● **Task requirements**: An exact, complete copy of the entries is needed, with the pictures left out.

Records from a data collection:
# # #

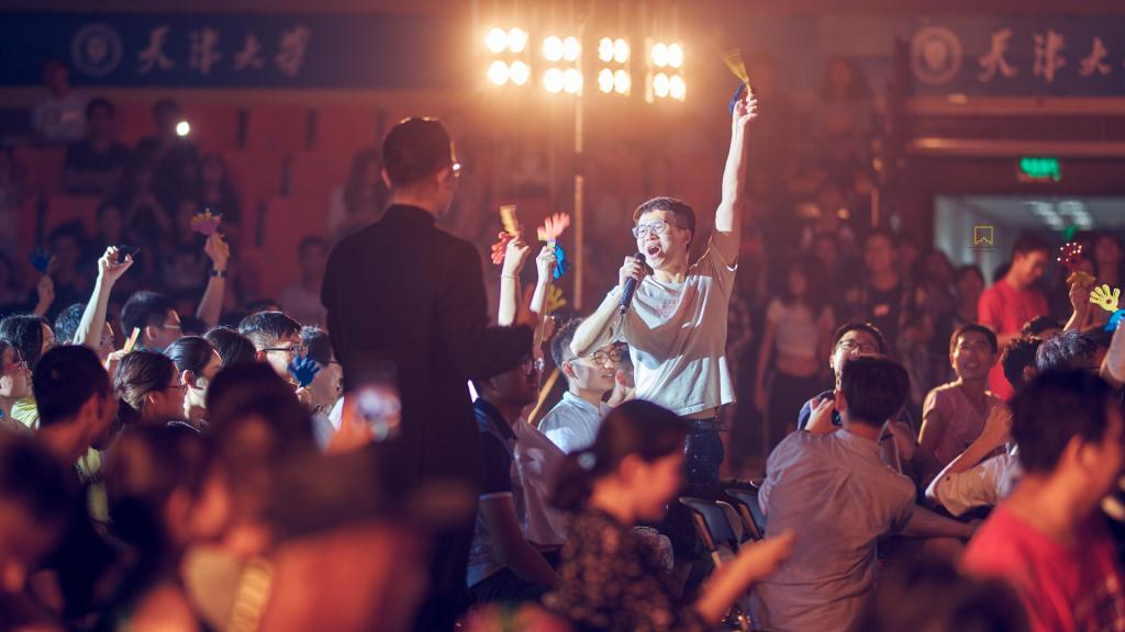 嘹亮挺拔的小号声吹响了整场晚会开始的号角——四海同心大点名。各学院学生代表高举院旗,激情的挥舞、慷慨的发言,无不蕴含着对母校的感恩之心,也展现了天大学子的精神面貌,表达了对未来发展的坚定信念,点燃了全场热情。
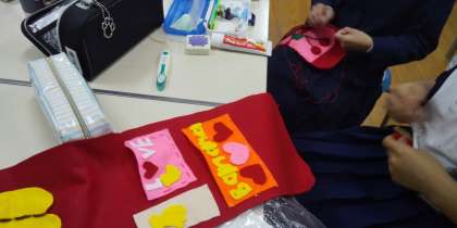 手芸クラブでは、フェルトを使って、小物づくりをしています。中には、ウォールポケットなど大作に取り組んでいる人もいます。
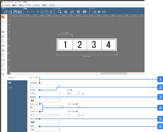 ポート数を入力します。1~50まで入力可能です。 「ポート長」から、ポートの幅を入力できます。(2.5~300mmまで) |
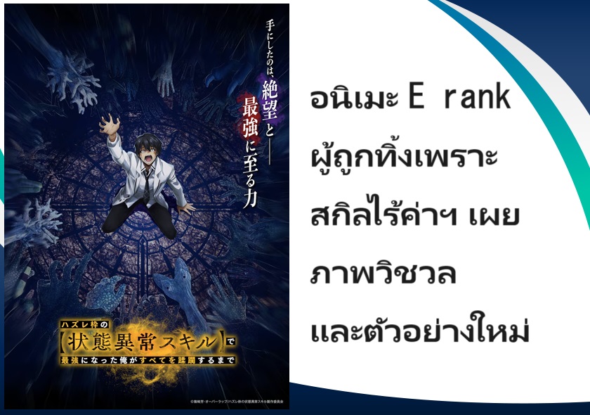 Pony Canyon ได้เผยภาพวิชวลและตัวอย่างใหม่ของอนิเมะ E rank ผู้ถูกทิ้งเพราะสกิลไร้ค่าอย่าง [สร้างสถานะผิดปกติ] จะเหยียบย่ำทุกสิ่งที่ขวางทางจนแกร่งสุดในใต้หล้า (Hazurewaku no [Joutai Ijou Skill] de Saikyou ni Natta Ore ga Subete wo Juurin suru made) ออกมาให้ชมแล้ว
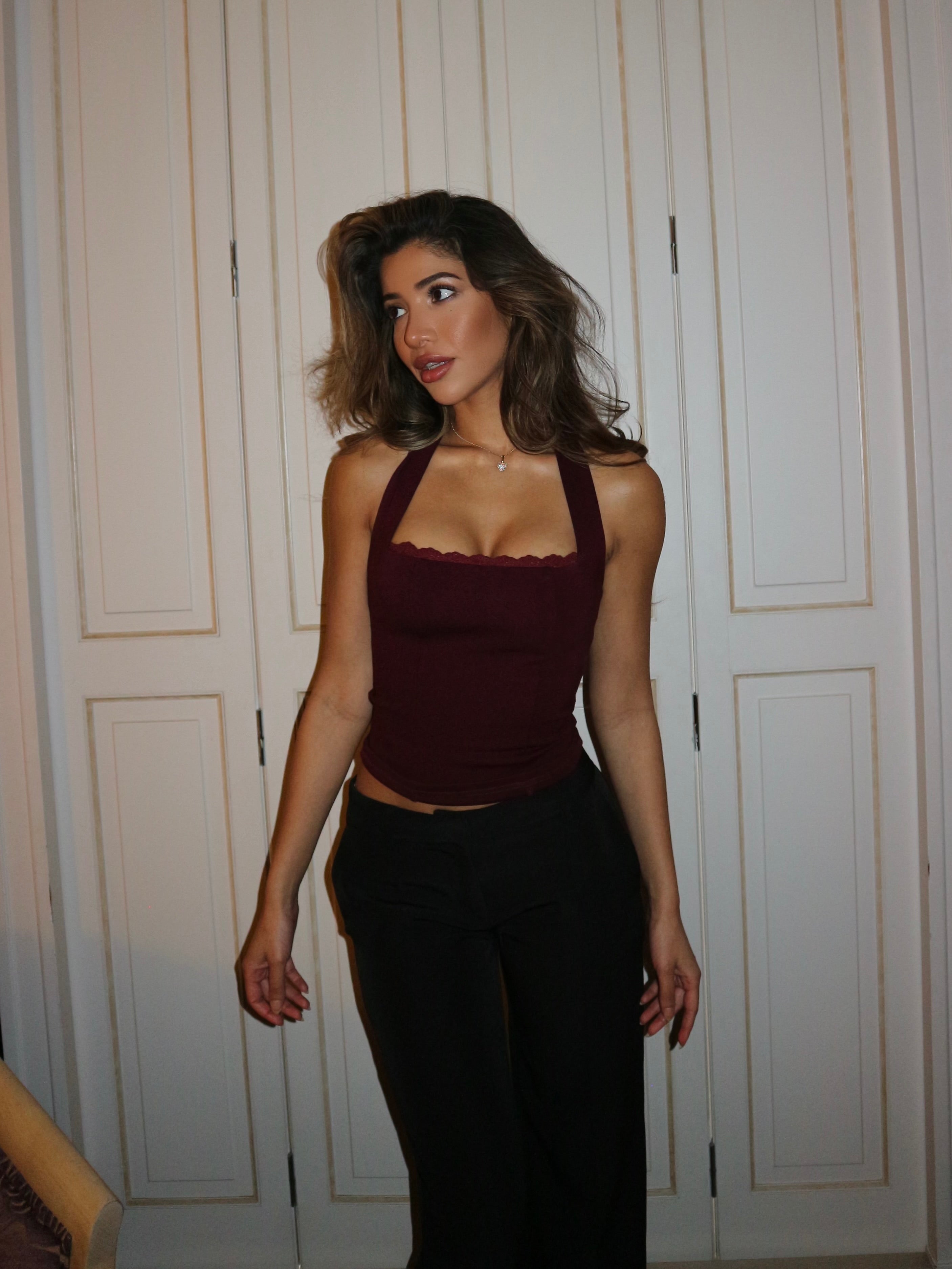 Schöne Korsett -Oberseite in Material mit sehr Dehnung, die gut zum Körper sitzt. Das Oberteil ist im Nacken gebunden und mit Haken im Rücken geschlossen.
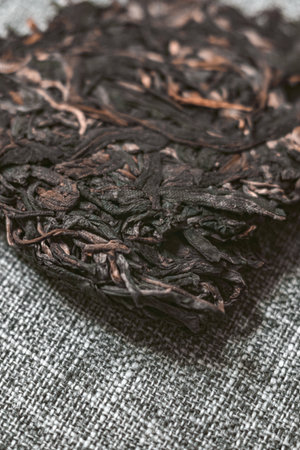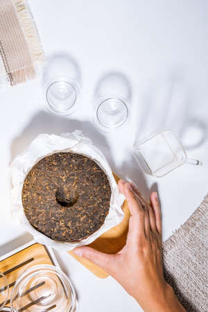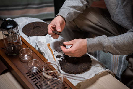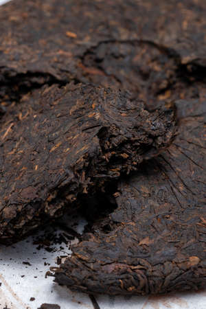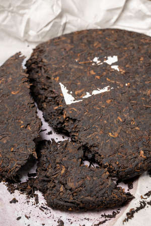 Chinese pu-erh tea. Selective focus on breaking a pressed circle of pu-erh tea. Close up, macro photography.
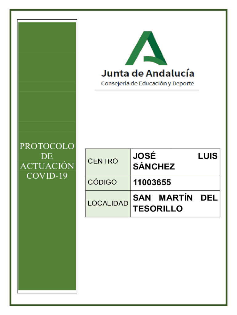 PROTOCOL ODE ACTUATION COVID19CENTROJOS SNCHEZLUISCDIGO11003655LOCALIDADSAN MARTIN DEL TESORILLOCONSEJERA DE EDUCATION Y DEPORTED C.E.I.P. Jo's Luis Sanchez (San Martin del Terrill)Curse 2020/2021
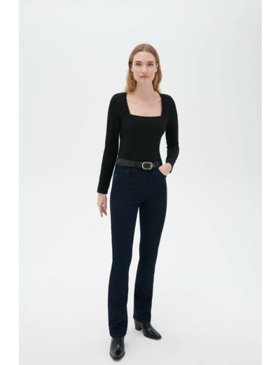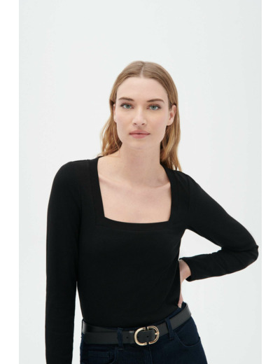 Tissu principal : 46% coton, 46% viscose, 8% élasthanne. Coupe ajustée, manches longues, encolure carrée. Longueur : 60 cm en taille S. Lavage conseillé à 30 degrés pour préserver la qualité du tissu.
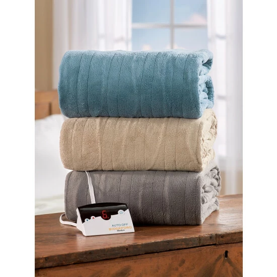 This deluxe electric blanket nests new flexible heating technology between two layers of luxuriously soft microfiber fabric so all you feel is soothing, evenly distributed warmth—no pokey wires!No more getting into a cold bed at night, either—just set the control to one of the 10 heat settings before slipping between the sheets. The control also features a 10-hour automatic shutoff. Twin and full come with a single control; queen and king with dual control.
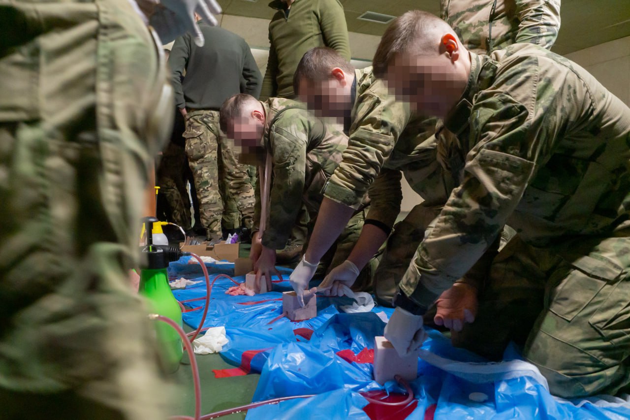 Кроме того, росгвардейцы детально отработали приемы самопомощи и взаимопомощи при массивных кровотечениях, включая технику тампонады ран и использование различных типов жгутов. Программа первой части занятий также включала закрепление навыков восстановления проходимости дыхательных путей и оказания помощи при проникающих ранениях грудной клетки с применением окклюзионных пластырей и декомпрессионных игл.

# # #

● **Response to this task**:
 嘹亮挺拔的小号声吹响了整场晚会开始的号角——四海同心大点名。各学院学生代表高举院旗,激情的挥舞、慷慨的发言,无不蕴含着对母校的感恩之心,也展现了天大学子的精神面貌,表达了对未来发展的坚定信念,点燃了全场热情。
 手芸クラブでは、フェルトを使って、小物づくりをしています。中には、ウォールポケットなど大作に取り組んでいる人もいます。
 ポート数を入力します。1~50まで入力可能です。 「ポート長」から、ポートの幅を入力できます。(2.5~300mmまで) |
 Pony Canyon ได้เผยภาพวิชวลและตัวอย่างใหม่ของอนิเมะ E rank ผู้ถูกทิ้งเพราะสกิลไร้ค่าอย่าง [สร้างสถานะผิดปกติ] จะเหยียบย่ำทุกสิ่งที่ขวางทางจนแกร่งสุดในใต้หล้า (Hazurewaku no [Joutai Ijou Skill] de Saikyou ni Natta Ore ga Subete wo Juurin suru made) ออกมาให้ชมแล้ว
 Schöne Korsett -Oberseite in Material mit sehr Dehnung, die gut zum Körper sitzt. Das Oberteil ist im Nacken gebunden und mit Haken im Rücken geschlossen.
 Chinese pu-erh tea. Selective focus on breaking a pressed circle of pu-erh tea. Close up, macro photography.
 PROTOCOL ODE ACTUATION COVID19CENTROJOS SNCHEZLUISCDIGO11003655LOCALIDADSAN MARTIN DEL TESORILLOCONSEJERA DE EDUCATION Y DEPORTED C.E.I.P. Jo's Luis Sanchez (San Martin del Terrill)Curse 2020/2021
 Tissu principal : 46% coton, 46% viscose, 8% élasthanne. Coupe ajustée, manches longues, encolure carrée. Longueur : 60 cm en taille S. Lavage conseillé à 30 degrés pour préserver la qualité du tissu.
 This deluxe electric blanket nests new flexible heating technology between two layers of luxuriously soft microfiber fabric so all you feel is soothing, evenly distributed warmth—no pokey wires!No more getting into a cold bed at night, either—just set the control to one of the 10 heat settings before slipping between the sheets. The control also features a 10-hour automatic shutoff. Twin and full come with a single control; queen and king with dual control.
 Кроме того, росгвардейцы детально отработали приемы самопомощи и взаимопомощи при массивных кровотечениях, включая технику тампонады ран и использование различных типов жгутов. Программа первой части занятий также включала закрепление навыков восстановления проходимости дыхательных путей и оказания помощи при проникающих ранениях грудной клетки с применением окклюзионных пластырей и декомпрессионных игл.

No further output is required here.